Orang yang mengembangkan toksoplasmosis,
mengalami gejala mirip flu seperti nyeri tubuh, sakit kepala, dan
demam. Tapi gejala yang disebabkan oleh bakteri toxoplasma sangat
sedikit karena sistem kekebalan tubuh biasanya menjaga tubuh Anda dari
infeksi parasit ini.
Parasit ini juga dapat menyebabkan masalah
serius seperti kerusakan pada otak, mata dan organ lainnya pada wanita
hamil dan orang dengan sistem kekebalan yang lemah.
Untuk
mencegah infeksi akibat toxoplasma, masaklah makanan pada suhu aman,
mencuci tangan saat memegang makanan, minum air yang steril, dan jika
hamil, jauhi kotoran kucing.
6. Salmonella
Salmonella
adalah sekelompok bakteri yang biasa ditemukan dalam unggas, telur,
daging sapi, dan kadang-kadang pada buah dan sayuran yang tidak dicuci.
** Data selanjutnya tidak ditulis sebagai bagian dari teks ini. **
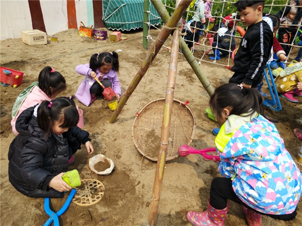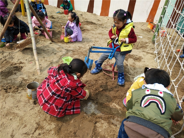 每天早上的户外活动是孩子最开心的时光,而我们班来说,沙坑是他们最喜欢的游戏场所。沙子具有流动性,踩上去会下陷,给幼儿提供特殊的感知与感觉。幼儿抓起一把沙子时,沙粒从指缝间“溜走”,孩子会好奇的盯着看。

Infeksi salmonellosis dapat menyebabkan gejala seperti demam, diare,
kram perut dan sakit kepala, yang dapat berlangsung hingga 4 sampai 7
hari.
Kebanyakan oranga kan sembuh dari infeksi tanpa pengobatan,
tetapi infeksi karena bakteri Salmonella akan berakibat serius jika
terjadi pada orang tua, bayi dan orang dengan sistem imun yang lemah.
Anak
di bawah usia 5 tahun paling mungkin terjangkit infeksi salmonellosis.
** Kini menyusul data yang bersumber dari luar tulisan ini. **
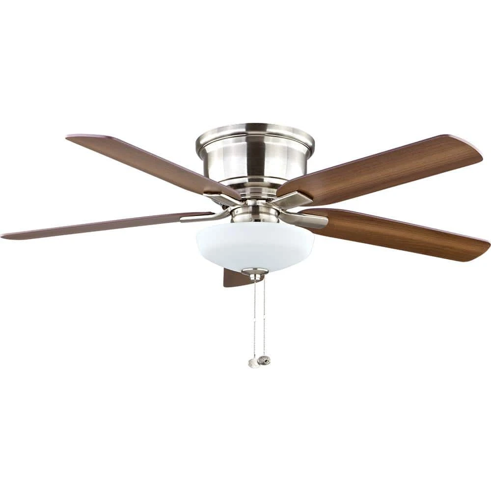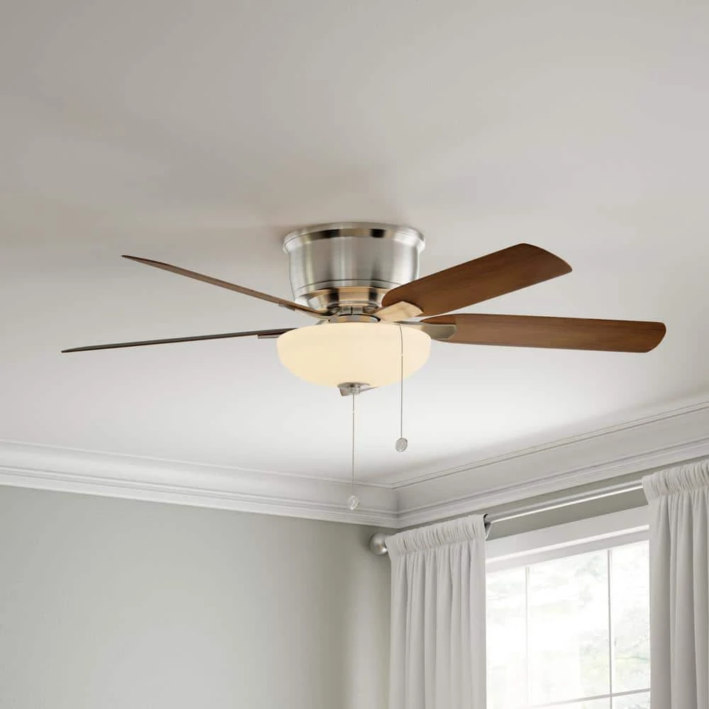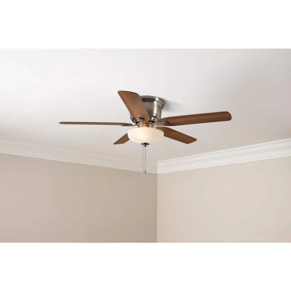 The Hampton Bay 52 in. Holly Springs Low Profile ceiling fan is the perfect solution for large rooms with low ceilings. The low profile design delivers optimal airflow without hanging too low. The Holly Springs Low Profile fan includes QuickFit features like a slide-on mounting bracket, AccuArm blade arms, and QuickInstall blades to make installation quick and easy. The fan is complemented by the frosted glass bowl light kit that uses three LED bulbs which last longer and use less energy than CFL or incandescent bulbs.

Jika tidak segera ditangani, Salmonella dapat ditularkan melalui darah
ke organ lain dan berisiko terhadap kematian.
Untuk mencegah
infeksi, hindari makan telur, unggas, atau daging yang mentah atau
setengah matang. Daging mentah harus disimpan terpisah dari bahan
makanan lain agar tidak terjadi kontaminasi silang. Cuci tangan dan
peralatan dapur dengan bersih setelah menyentuh makanan mentah.
7. Norovirus
Norovirus
adalah jenis virus yang menyebabkan gastroenteritis, suatu penyakit
yang menyebabkan peradangan pada lambung dan usus. Virus ini biasanya
ditemukan dalam makanan atau minuman yang terkontaminasi tetapi juga
dapat menyebar melalui kontak dengan orang yang terinfeksi.
Radang
lambung dapat sangat menular. Gejala-gejalanya termasuk mual, kejang
perut, muntah, diare, sakit kepala, demam dan kelelahan, yang dapat
berlangsung selama beberapa hari.
Kebanyakan orang bisa sembuh
dari penyakit ini dengan sendirinya, tetapi bagi orang yang tidak minum
cukup cairan untuk menggantikan apa yang telah hilang karena muntah dan
diare, mungkin diperlukan perawatan rumah sakit.
Untuk mencegah
terinfeksi oleh norovirus, cuci tangan Anda dengan sabun dan air dan
selalu menjaga kebersihan makanan yang Anda makan.